Example implementation (the one CheddahBot uses):
```python
import httpx
_cache = {}
def openrouter_plural_check(a: str, b: str) -> bool:
key = (a, b) if a <= b else (b, a)
if key in _cache:
return _cache[key]
resp = httpx.post(
"https://openrouter.ai/api/v1/chat/completions",
headers={"Authorization": f"Bearer {OPENROUTER_API_KEY}"},
json={
"model": "anthropic/claude-haiku-4.5",
"max_tokens": 5,
"messages": [
{"role": "system", "content":
"Reply with only 'YES' or 'NO'. YES iff the two keywords "
"are identical except for singular/plural form."},
{"role": "user", "content": f'A: "{a}"\nB: "{b}"'},
],
},
timeout=15,
)
result = "YES" in resp.json()["choices"][0]["message"]["content"].upper()
_cache[key] = result
return result
```
Tests may pass `lambda a, b: False` for the fast-path-only case, or any
deterministic fake.
## The `PipelineResult` dataclass
Every pipeline entry point returns the same shape:
| field | meaning |
|-----------------|----------------------------------------------------------------|
| `ok` | True if the pipeline completed the phase it was asked to do |
| `step` | "ingest" / "generate" / "complete" (on success) or where it failed |
| `ingest` | `IngestResult` if ingest ran, else None |
| `generate` | `GenerateResult` if generate ran, else None |
| `error` | Human-readable error message (empty on success) |
| `summary` | Multi-line human-readable summary, safe to post as a comment |
| `project_name` | The BLM project name |
| `job_file` | Path to the final job file (post-move on success) |
| `log_lines` | Progress messages captured during the run |
## What this package does NOT do
- Does not watch folders. No threads, no polling loops.

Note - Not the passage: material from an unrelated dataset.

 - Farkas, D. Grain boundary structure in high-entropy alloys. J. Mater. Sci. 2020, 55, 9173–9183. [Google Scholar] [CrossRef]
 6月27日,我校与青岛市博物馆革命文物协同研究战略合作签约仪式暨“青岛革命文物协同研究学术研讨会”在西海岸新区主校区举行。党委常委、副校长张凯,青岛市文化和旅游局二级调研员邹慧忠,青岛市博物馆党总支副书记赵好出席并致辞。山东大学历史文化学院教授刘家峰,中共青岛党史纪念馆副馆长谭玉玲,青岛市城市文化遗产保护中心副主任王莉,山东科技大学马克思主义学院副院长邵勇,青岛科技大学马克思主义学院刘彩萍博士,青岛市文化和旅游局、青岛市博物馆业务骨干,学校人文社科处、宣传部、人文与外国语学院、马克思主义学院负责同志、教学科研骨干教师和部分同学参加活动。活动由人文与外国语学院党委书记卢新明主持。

- Does not know about ClickUp, Linear, or any task system. The caller owns
task state and decides what status transitions mean.
- Does not sync with shared-folder job queues (the old AutoCora queue).

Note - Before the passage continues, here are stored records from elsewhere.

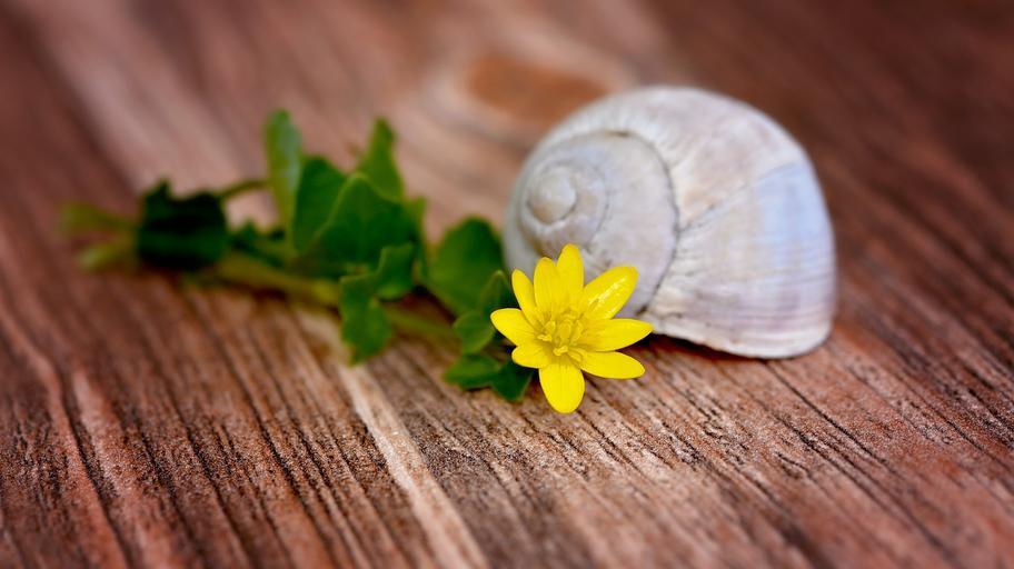 Keywords: flower blossom bloom yellow celandine shell empty empty snail shell wood close
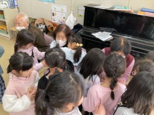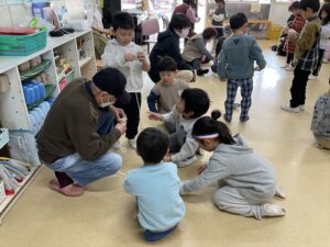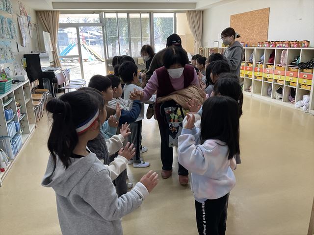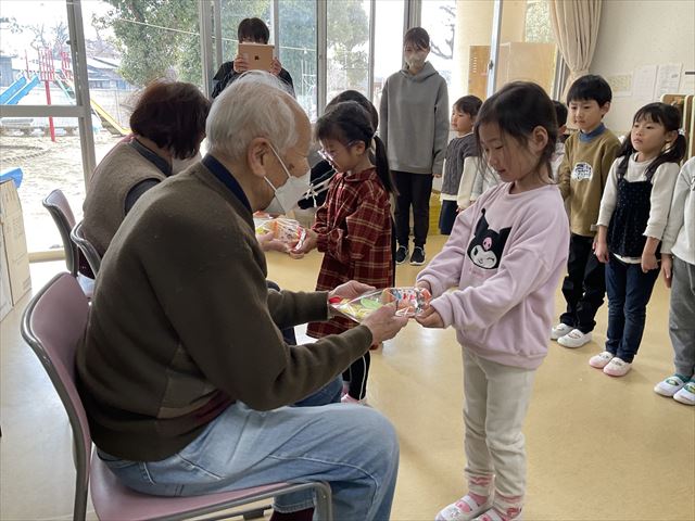 2月12日 年長児中心に、“歩美ちゃん!活き生きクラブ和泉”の利用者の方とCS交流を楽しみました。
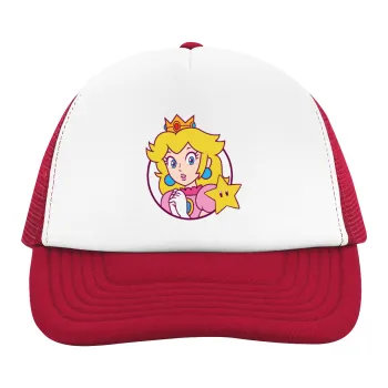 Princess Peach, Adult Soft Trucker Hat with Red/White Mesh (POLYESTER, ADULT, UNISEX, ONE SIZE)
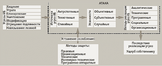 Анализ негативных последствий реализации угроз предполагает обязательную идентификацию возможных источников угроз, уязвимостей, способствующих их проявлению и методов реализации. И тогда цепочка вырастает в схему, представленную на рис. 2.
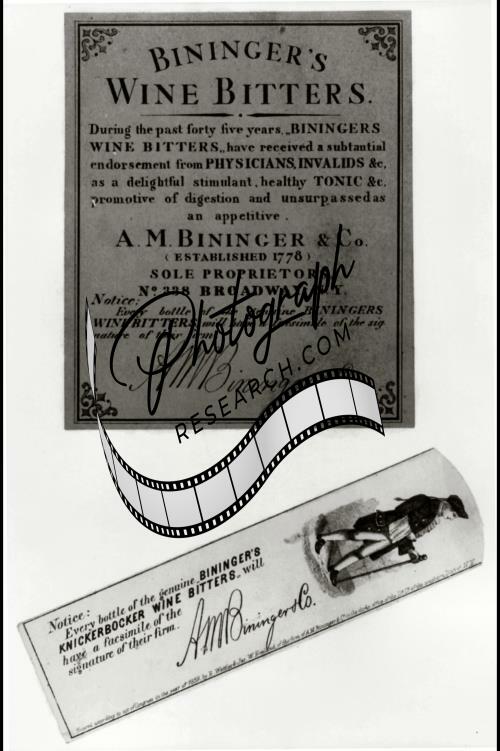 Photo of Patent Medicine Label,Bininger's Wine Bitters,c1859,New York,Broadway
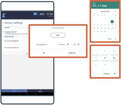 Start logging from: Using the date/time options, you can set the schedule for the first log. The sensor can be configured to start a maximum of 30 days from the link date. When you select OK, the application will link the sensor and move it to the Available Sensors section at the top of the Sensor Settings screen.
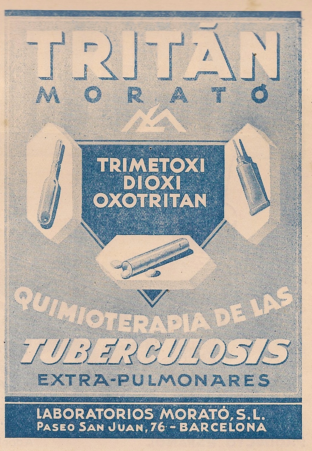 Tritan. Trimetoxi dioxi oxotrital. Tratamiento de la tuberculosis extra pulmonares. Laboratorios Morató SL. Barcelona. Publicidad aparecida en la revista Gaceta Médica Española. Año 18, número 1, 1944.

- Does not manage the Cora tool itself. It only consumes xlsx files that
Cora has already produced.
- Does not pick up where BLM leaves off. When BLM finishes `generate-batch`,
the job is done from this package's perspective.

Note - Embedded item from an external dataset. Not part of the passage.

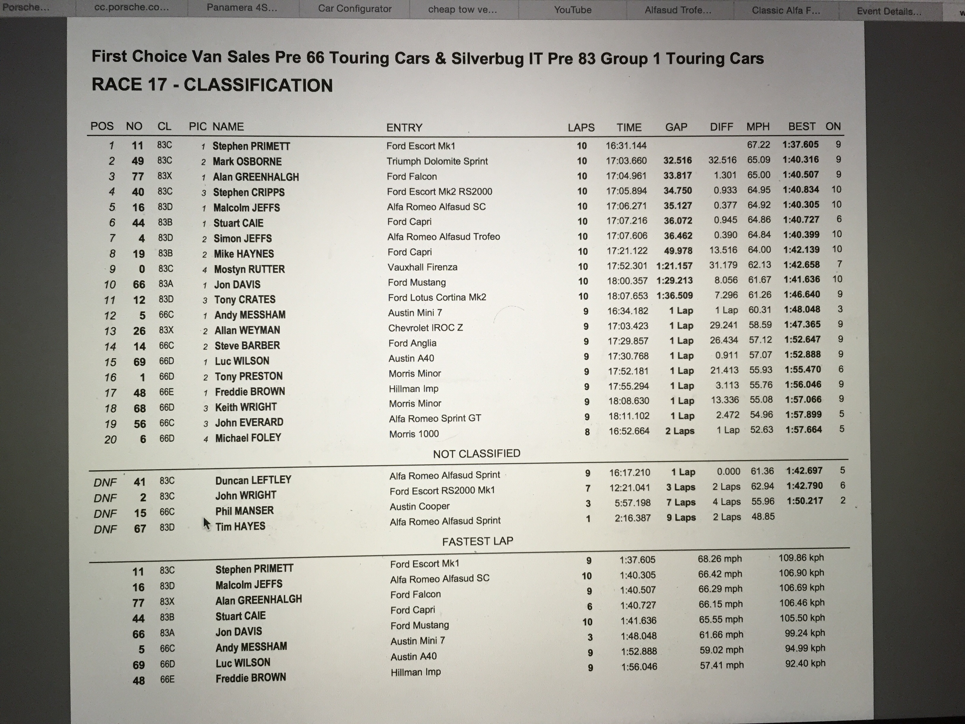 Thanks for the comment. Malcolm is Class D winner and we are waiting for confirmation that he is second overall based on Championship points. Second in the Championship could have gone to Malcolm or Stuart in the Triplex Capri. It was all down to Malcolm passing the Capri on the last lap at Club corner.
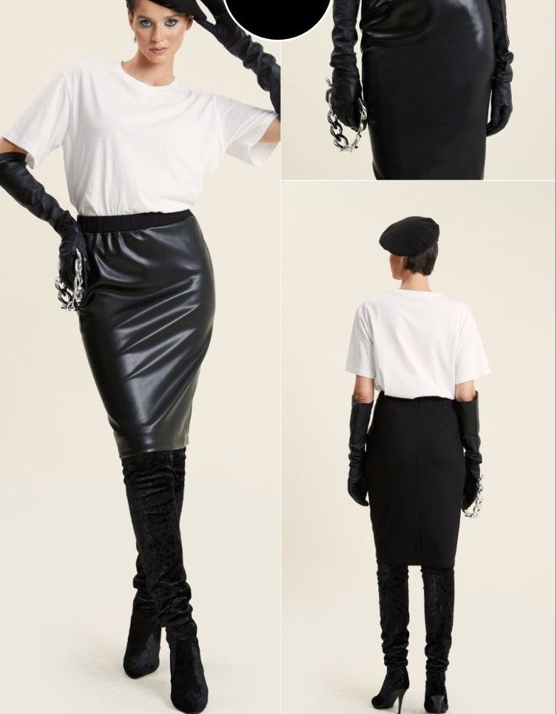 FABIC AND FAUX LEATHER FITTED SKIRT

These were deliberate drops during extraction. CheddahBot had folder-watch
threads, ClickUp auto-matching, AutoCora queue submission, and a multi-inbox
distribution loop. Paperclip owns that scheduling logic in its own code.
## Development
Requires Python 3.11+ and [uv](https://docs.astral.sh/uv/).
```
uv sync # install dev + test deps
uv run pytest # run the test suite (89 tests, ~96% coverage)
uv run ruff check . # lint
```
## Provenance
Extracted from the CheddahBot repo, specifically:
- `cheddahbot/tools/linkbuilding.py` -- pipeline logic and fuzzy matching
- `cheddahbot/tools/autocora.py` -- only the fuzzy-match helpers were kept;
the shared-folder job queue and result polling were dropped
- `cheddahbot/scheduler.py` -- folder-watch loops were dropped; their
matching logic was converted to a synchronous `find_xlsx_for_keyword` call
The BLM invocation parameters, stdout parsing regexes, and default ratios
match CheddahBot's production behavior exactly.